Мы долго смотрели друг на друга, молча, в тишине.
Издалека было слышно птиц, я думаю, это были дрозды. Большие каштаны с раскидистыми кронами стояли зеленой стеной, отделяя этот остров умирания от автобана и железной дороги, по которой бесшумно скользили образцовые гиперборейские поезда. Потом слабым, едва различимым голосом, в полузабытьи, он сказал мне:
— Ян, как хорошо, что ты приехал. Спасибо тебе. Я так хотел тебя увидеть.

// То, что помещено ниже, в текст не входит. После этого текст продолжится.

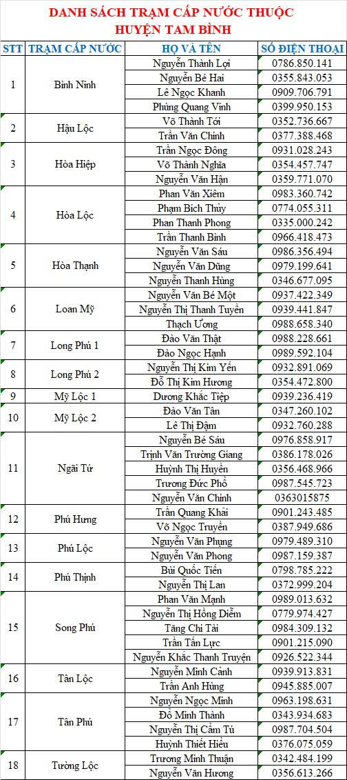 trạm cấp nước thuộc huyện tam bình
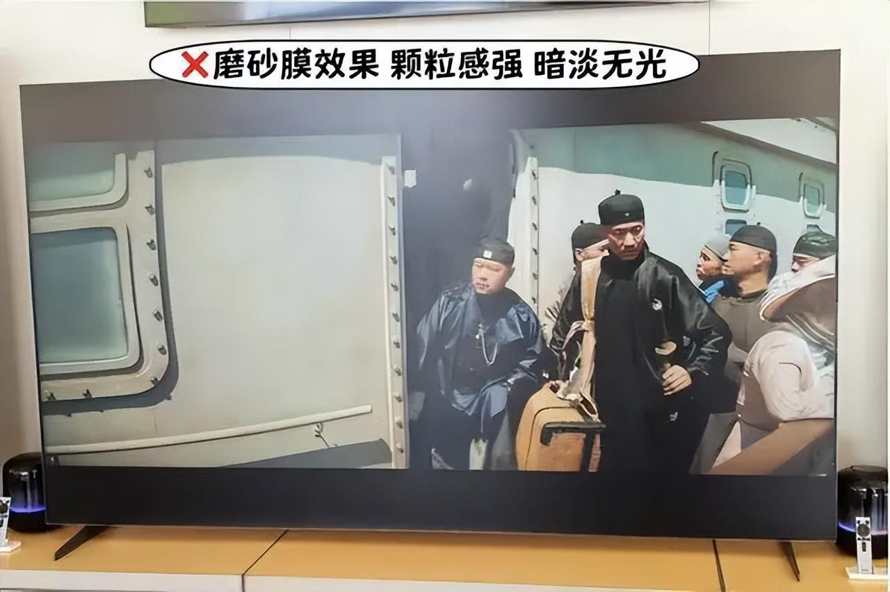 第一種是磨砂屏,原理很簡單,就是在屏幕表面做一層類似砂紙的磨砂膜,把直射的光線打散成漫反射。這種技術成本最低,應對強光直射時能明顯減少刺眼的光斑,但缺點也很致命,畫面會變得模糊發霧,看4K高清內容就像隔着一層紗窗,暗場景泛白嚴重,失去了原本的畫面質感。
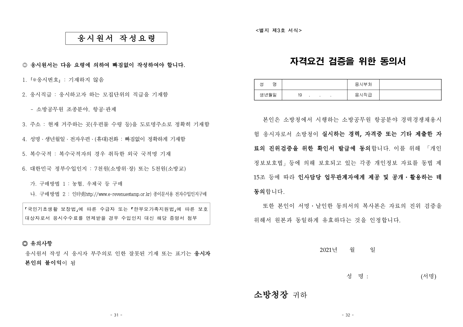 ※ 응시원서는 119고시(http://119gosi.kr) 및 소방청(http://www.nfa.go.kr)에서 내려받아 사용
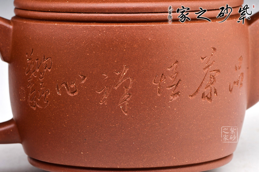 漢瓦是一種經(jīng)典的紫砂壺型,深受壺友收藏家們的喜歡。作品器形簡單古樸,紫棕色澤,整體呈圓筒型,平蓋橋鈕設計,彎嘴出水流暢,耳型端把,拿捏舒適。壺鈕、壺蓋連接處壓平,看似隨意操作實則更顯穩(wěn)重。
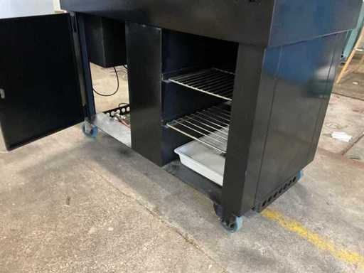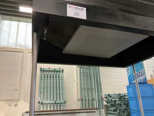 zeer goed werkende BBQ kan zowel met als zonder de bovenbouw worden gebruikt, Afzuigkap gemakkelijk demonteerbaar ( ook voor transport). Krachtige nieuwe afzuigmotor. Kan worden verbonden met flexibele buis voor afvoer rookgassen ( in binnenruimtes) Feestjes tot 100 personen is geen probleem. Vorige zomer meerder feesten verzorgd. kan worden verhuurd voor 150 tot 200 euro per dag
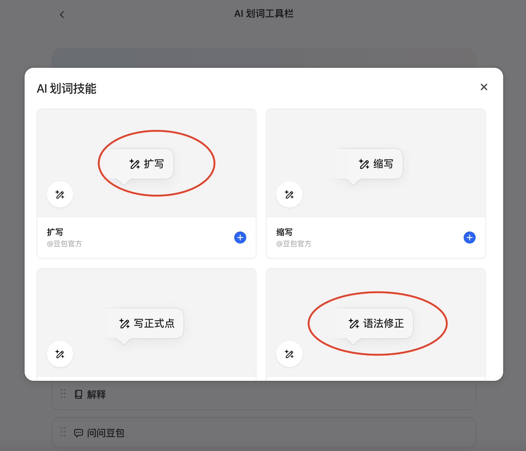 在发现更多技能中,是AI划词工具栏,下设文本的扩缩写、修正、润色等功能6项,改写为社交媒体文案或视频脚本等功能3项,生成周报、okr、代码纠错等功能4项,优缺点总结、抽取任务项、头脑风暴等6项,加之难以归类的,一共有22项模块功能可自定义置顶设置。

Загвоздка в том, понимаете ли, что меня зовут совсем не Ян. Мое имя даже приблизительно не похоже на имя, какое носил регулировщик из моей юности, даже если вы случайно дадите мне это прозвище. Сейчас не важно, как меня зовут, важно, что меня зовут не так, как назвал меня он. Ничего похожего.
Я молчал.
А он хотел поговорить, было видно, хотя сил у него на это не было. Он отключался, у него случались провалы. Секунду он глядел на меня отсутствующим взглядом, секунду — совершенно ясным и отчетливым, единственным зрячим глазом: второй застилала катаракта.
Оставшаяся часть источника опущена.